REQUIRED WORK: Below are some entries. Return exactly the lines from the one with "ありがとさん。夕暮れ時で不思議なシクラメン💕" through the final line, leaving out any pictures.

RECORDS:

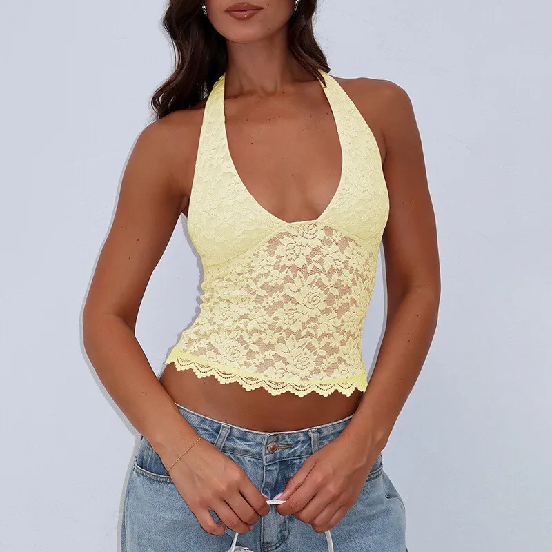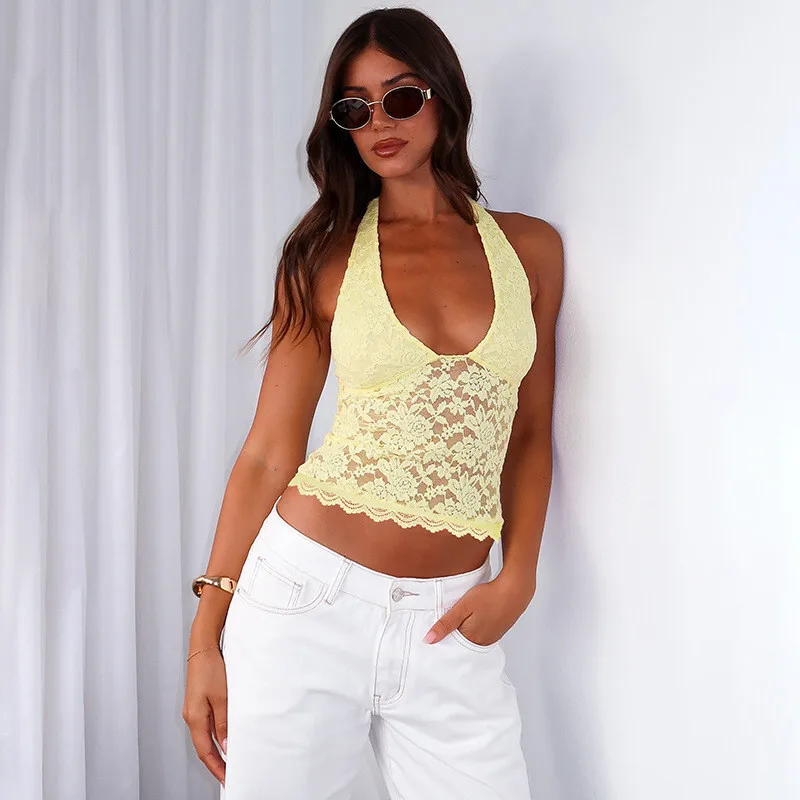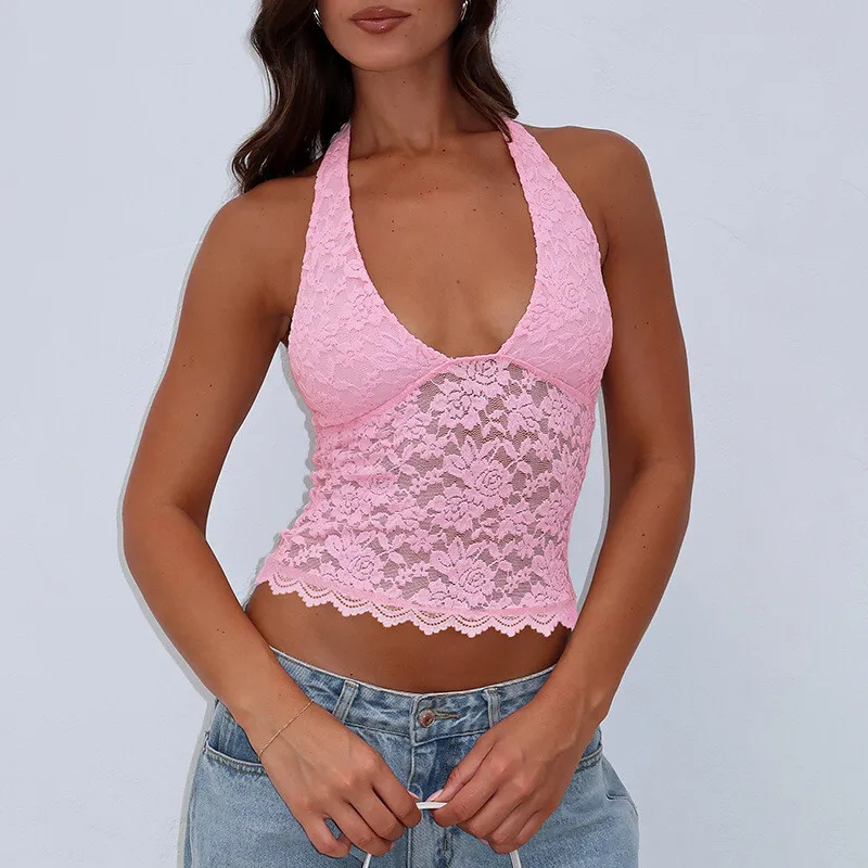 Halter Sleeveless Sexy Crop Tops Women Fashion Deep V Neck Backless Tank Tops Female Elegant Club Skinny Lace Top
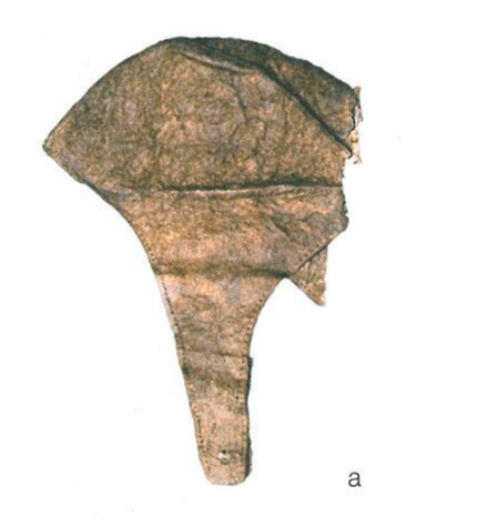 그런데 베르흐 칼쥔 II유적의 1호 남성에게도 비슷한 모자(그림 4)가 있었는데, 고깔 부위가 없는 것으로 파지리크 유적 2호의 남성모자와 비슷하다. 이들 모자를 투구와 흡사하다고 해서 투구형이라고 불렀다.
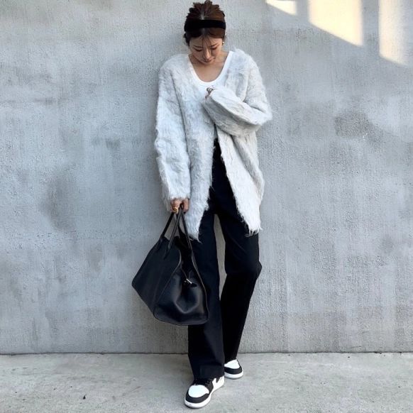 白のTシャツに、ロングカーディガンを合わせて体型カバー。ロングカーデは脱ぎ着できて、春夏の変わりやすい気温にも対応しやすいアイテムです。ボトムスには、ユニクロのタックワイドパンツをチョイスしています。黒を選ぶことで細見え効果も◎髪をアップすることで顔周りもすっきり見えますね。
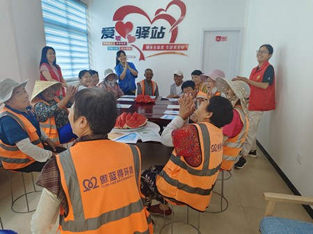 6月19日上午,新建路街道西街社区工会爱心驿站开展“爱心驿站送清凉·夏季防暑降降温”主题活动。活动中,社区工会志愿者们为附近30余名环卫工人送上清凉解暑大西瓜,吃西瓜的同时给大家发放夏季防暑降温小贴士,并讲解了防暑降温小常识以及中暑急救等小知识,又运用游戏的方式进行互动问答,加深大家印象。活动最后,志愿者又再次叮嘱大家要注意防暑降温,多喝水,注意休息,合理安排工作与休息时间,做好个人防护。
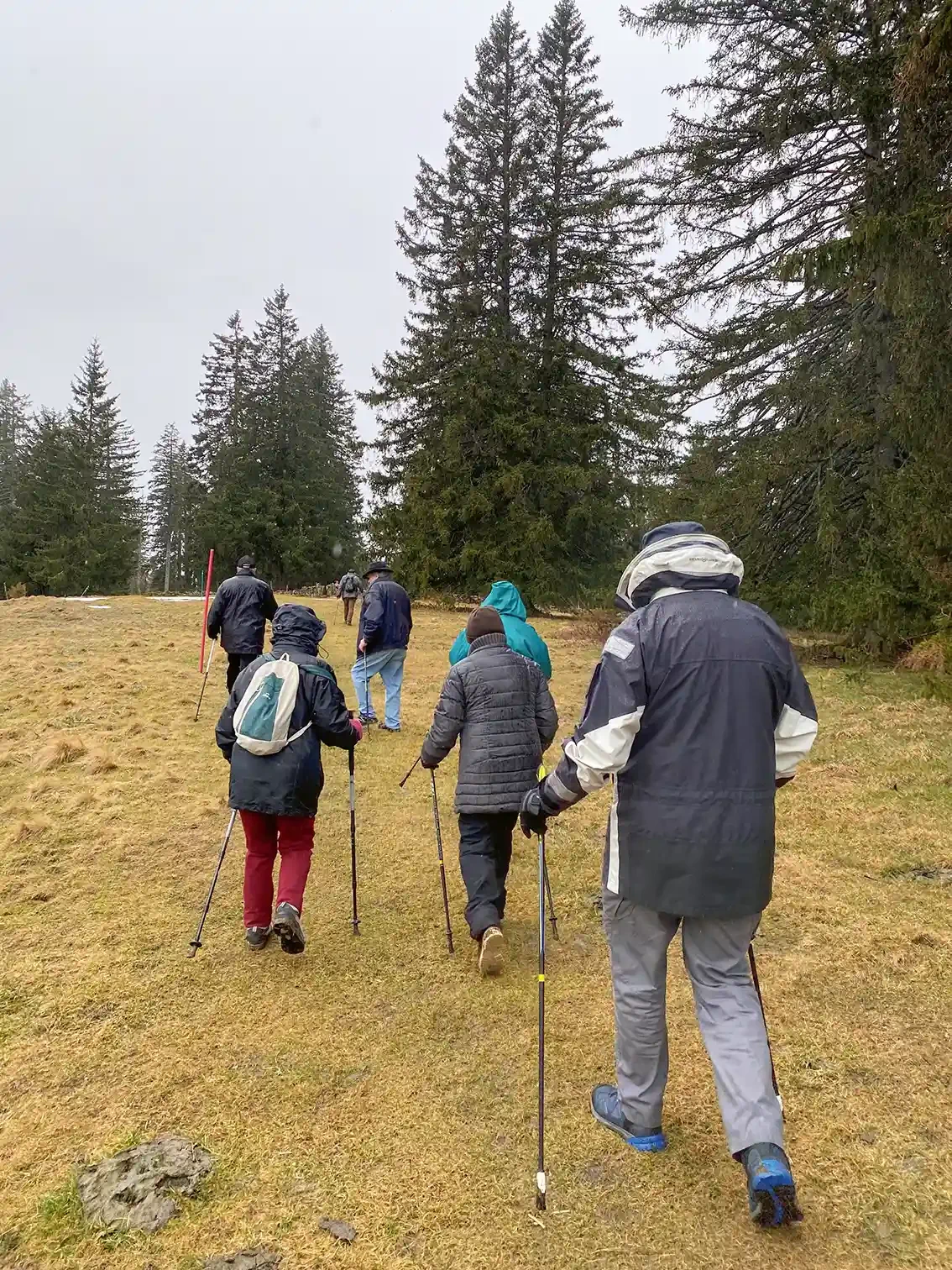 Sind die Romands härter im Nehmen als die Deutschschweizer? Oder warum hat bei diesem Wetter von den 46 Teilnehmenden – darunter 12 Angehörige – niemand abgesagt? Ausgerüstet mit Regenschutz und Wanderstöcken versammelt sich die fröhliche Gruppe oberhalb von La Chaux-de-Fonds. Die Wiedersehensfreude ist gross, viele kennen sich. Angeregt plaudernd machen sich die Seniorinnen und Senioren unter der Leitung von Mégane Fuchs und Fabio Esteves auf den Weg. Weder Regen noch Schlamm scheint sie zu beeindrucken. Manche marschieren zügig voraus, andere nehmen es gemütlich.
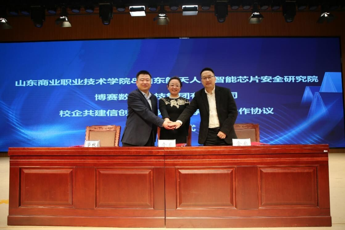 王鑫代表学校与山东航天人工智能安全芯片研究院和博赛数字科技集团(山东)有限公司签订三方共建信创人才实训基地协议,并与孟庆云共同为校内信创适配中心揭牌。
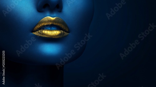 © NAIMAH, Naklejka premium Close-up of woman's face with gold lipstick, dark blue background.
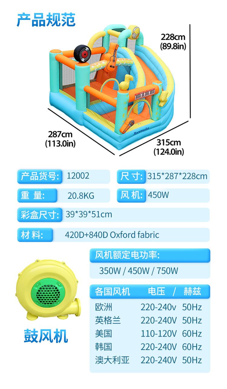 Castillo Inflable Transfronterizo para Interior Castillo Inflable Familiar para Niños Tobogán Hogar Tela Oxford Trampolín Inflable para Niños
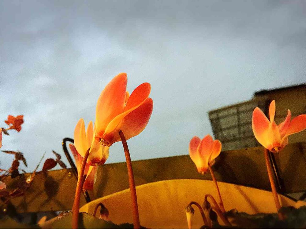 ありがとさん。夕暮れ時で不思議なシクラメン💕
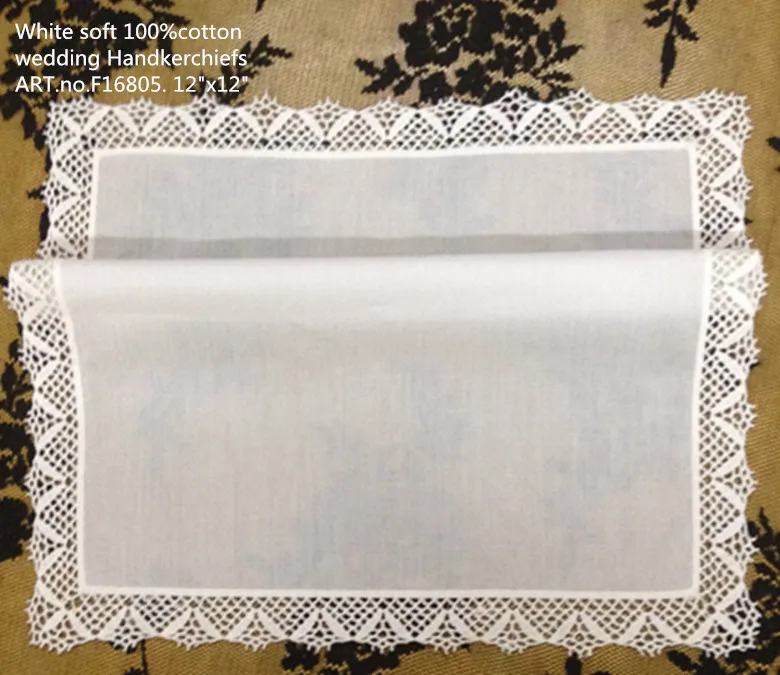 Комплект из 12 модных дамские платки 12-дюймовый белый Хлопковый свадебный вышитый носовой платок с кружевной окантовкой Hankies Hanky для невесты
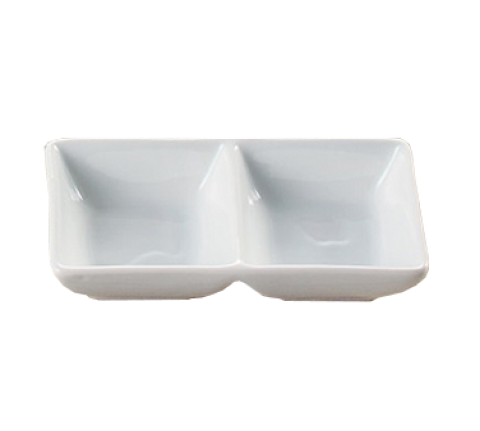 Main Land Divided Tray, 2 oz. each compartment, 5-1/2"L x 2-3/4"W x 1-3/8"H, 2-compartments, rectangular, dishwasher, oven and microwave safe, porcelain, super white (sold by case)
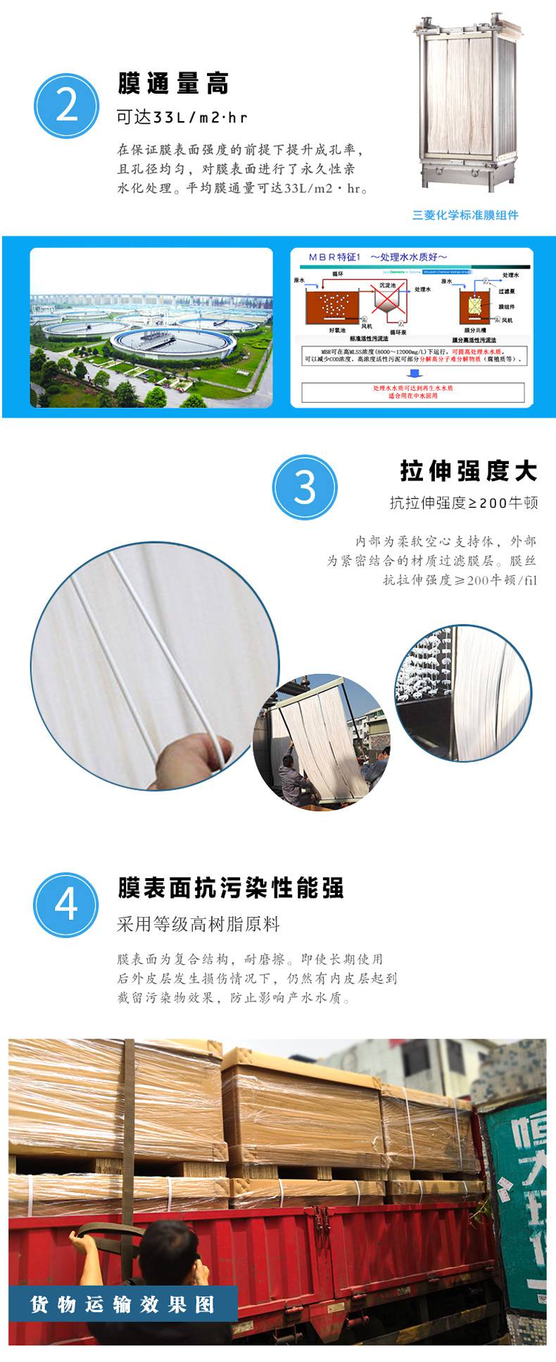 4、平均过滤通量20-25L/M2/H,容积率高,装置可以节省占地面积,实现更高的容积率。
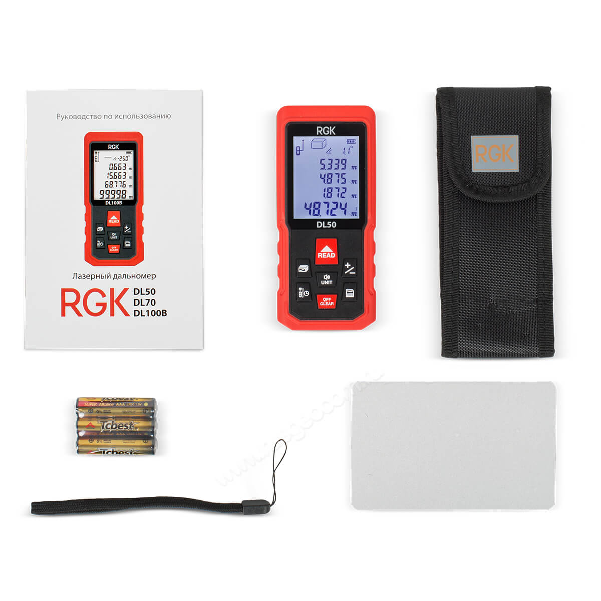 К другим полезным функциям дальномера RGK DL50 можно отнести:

TASK ANSWER:
 ありがとさん。夕暮れ時で不思議なシクラメン💕
 Комплект из 12 модных дамские платки 12-дюймовый белый Хлопковый свадебный вышитый носовой платок с кружевной окантовкой Hankies Hanky для невесты
 Main Land Divided Tray, 2 oz. each compartment, 5-1/2"L x 2-3/4"W x 1-3/8"H, 2-compartments, rectangular, dishwasher, oven and microwave safe, porcelain, super white (sold by case)
 4、平均过滤通量20-25L/M2/H,容积率高,装置可以节省占地面积,实现更高的容积率。
 К другим полезным функциям дальномера RGK DL50 можно отнести:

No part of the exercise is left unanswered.